Modern languages for modern architectures

The performance of modern programming languages such as Java and C# lags that of imperative  languages such as C and Fortran.  A significant source of the performance gap is poor memory behavior, which future computer architectures will exacerbate.  This project addresses the problem of poor memory behavior in modern programming languages such as Java and C# through an integrated attack that incorporates new garbage collection algorithms, run-time techniques that optimize running programs, and new compiler analyses with both static and dynamic optimizations.

DaCapo: Dynamic Cooperative Performance Optimization for Java

The DaCapo project takes a co-operative approach to performance optimization, looking at the compiler, runtime, memory management system and operating system together.  My work with the DaCapo project has focussed on memory management and has lead to a number of publications. DaCapo is an NSF large ITR project, funded from Sept 2000 through to 2005.  I have been involved in the project since its inception, taking a lead role in the memory management facets of the project. From September 1999 to March 2002 I was a post-doc at the University of Massachusetts.

Upside: Practical transactional object storage systems

From August 1997 to August 1999, I lead the upside project within the Advanced Server Technologies program of the ACSys CRC for advanced computational systems (on the campus of the ANU, in Canberra, Australia).  Our research was primarily focused on the design of scalable transactional object storage systems, particularly with a view to supporting scalable orthogonally persistent systems. This work produced a number of publications, particulary in the area of orthogonal persistence, transactions, and scalable object storage systems. We developed a very powerful bytecode transformation tool which allowed us to make arbitary Java programs orthogonally persistent without change to the source code.  This was achieved by transforming the bytecodes at class loading time.  We also developed an object store than included a novel recovery mechanism that extended the widely used ARIES algorithm by avoiding the need for recovery meta-data to be interspersed on data pages.

Scalable persistent system design

In July 1997 I completed my PhD with a dissertation titled "Persistent Store Interface: A foundation for scalable persistent system design".  This work lead to a number of publications and to the creation of the upside  project.  I formally graduated from the ANU in October 1998.  My advisor was Robin Stanton.

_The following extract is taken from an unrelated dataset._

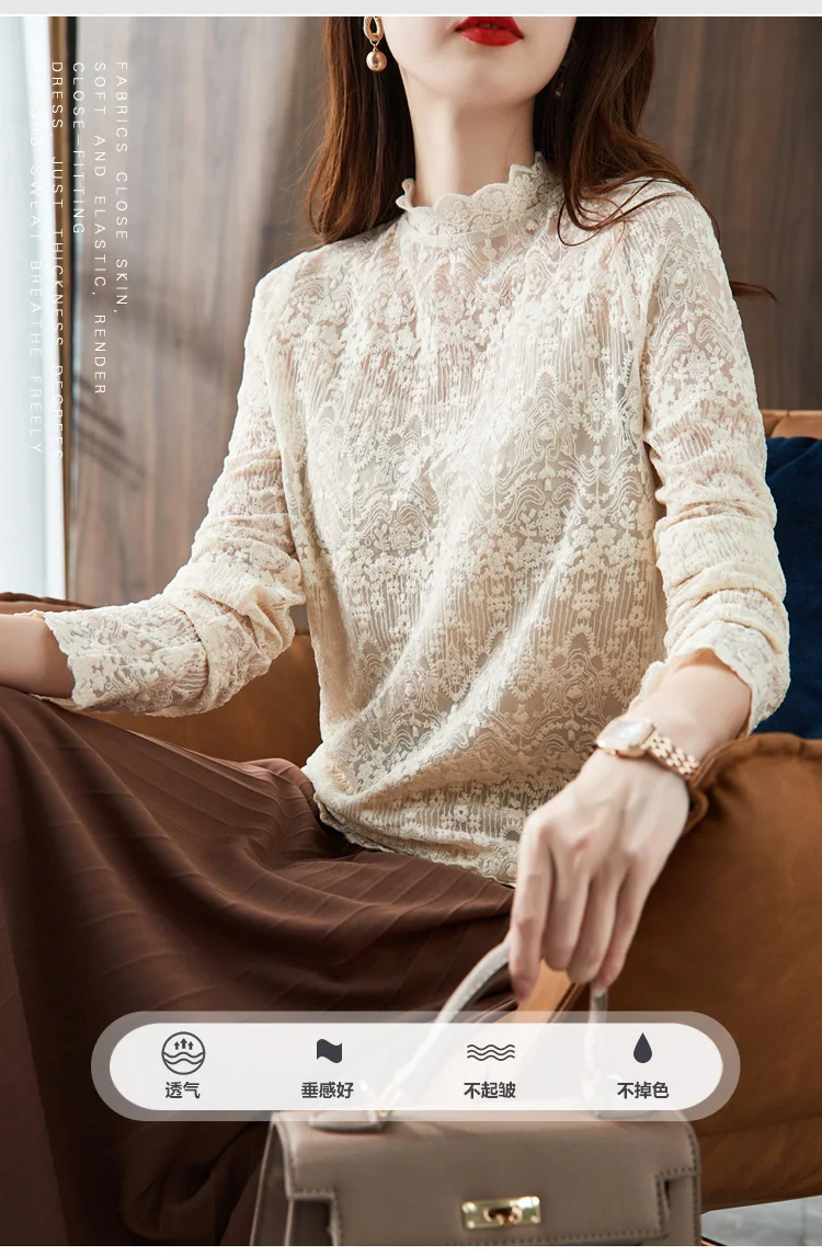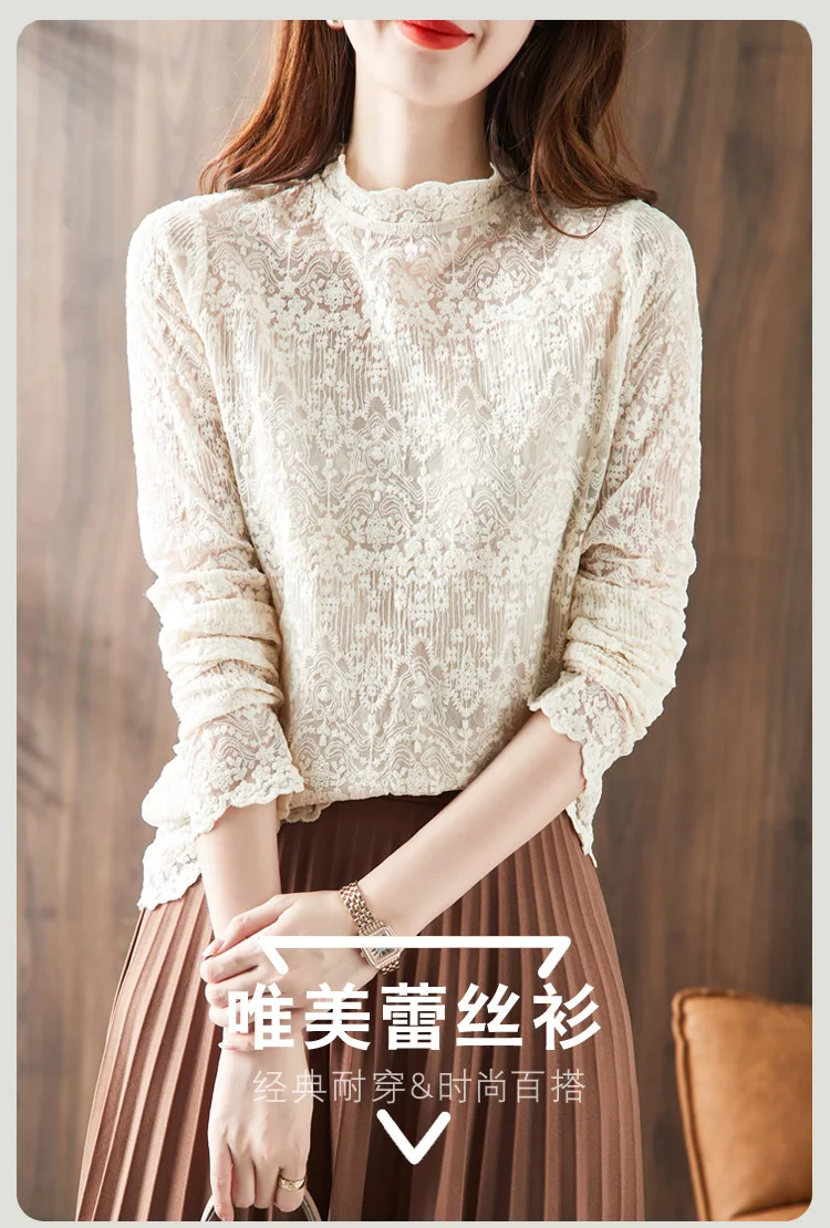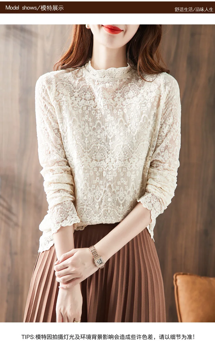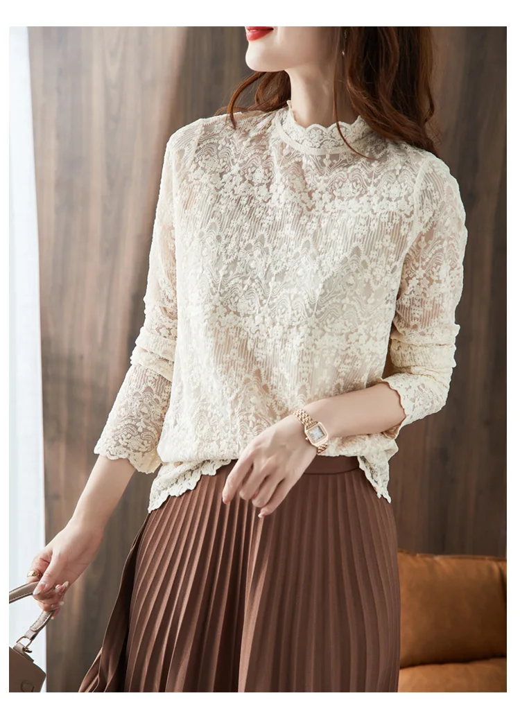 New 2021 Autumn Thin Stand Collar Lace Tops Fashion Casual Long Sleeve Hollow Out Women Blouse Shirt 3XL

The following is a brief summary of the work, extracted from the thesis abstract:

The quest to design efficient, scalable, orthogonally persistent systems represents a confluence of the challenge of constructing systems capable of scaling, with the challenge of constructing orthogonally persistent systems.  This raises the deeper question as to whether there exists a generalized framework for scalable persistent system design.  This project develops a framework that brings together the fundamental concerns of concurrency, replication, coherency, latency, and stability.  The major result of this project is the description of such a framework.  The fundamental concerns are met through a reference architecture based on caching, atomicity, and a layered software architecture.  The framework has been realized in the form of the Persistent Store Interface (PSI).  The effectiveness of PSI for scalable persistent system construction is demonstrated through a number of experiments with PSI prototypes, both stand-alone and distributed.  In addition, two supporting experiments are described, one examining the issues of designing scalable stores that present users with a single store image and the other examining mechanisms for scalable coherency and recovery.

Image processing

My undergraduate studies were in Electrical Engineering and Computer Science (BE/BSc) at the University of New South Wales. My honours thesis was on the real-time encoding of region boundaries in images, and resulted in two publications. The key insight was in the development of a raster-scan algorithm capable of extracting the boundaries of multispectral images.  Prior to this work, raster-scan algorithms could only extract the boundaries of binary images, boundaries in multispectral images could only be extracted in through random-access algorithms (not constant-time, and requiring random access to the whole image).  I also designed a three stage pipeline processor capable of performing this at video frame rates. This work was done within the VLSI systems lab at UNSW.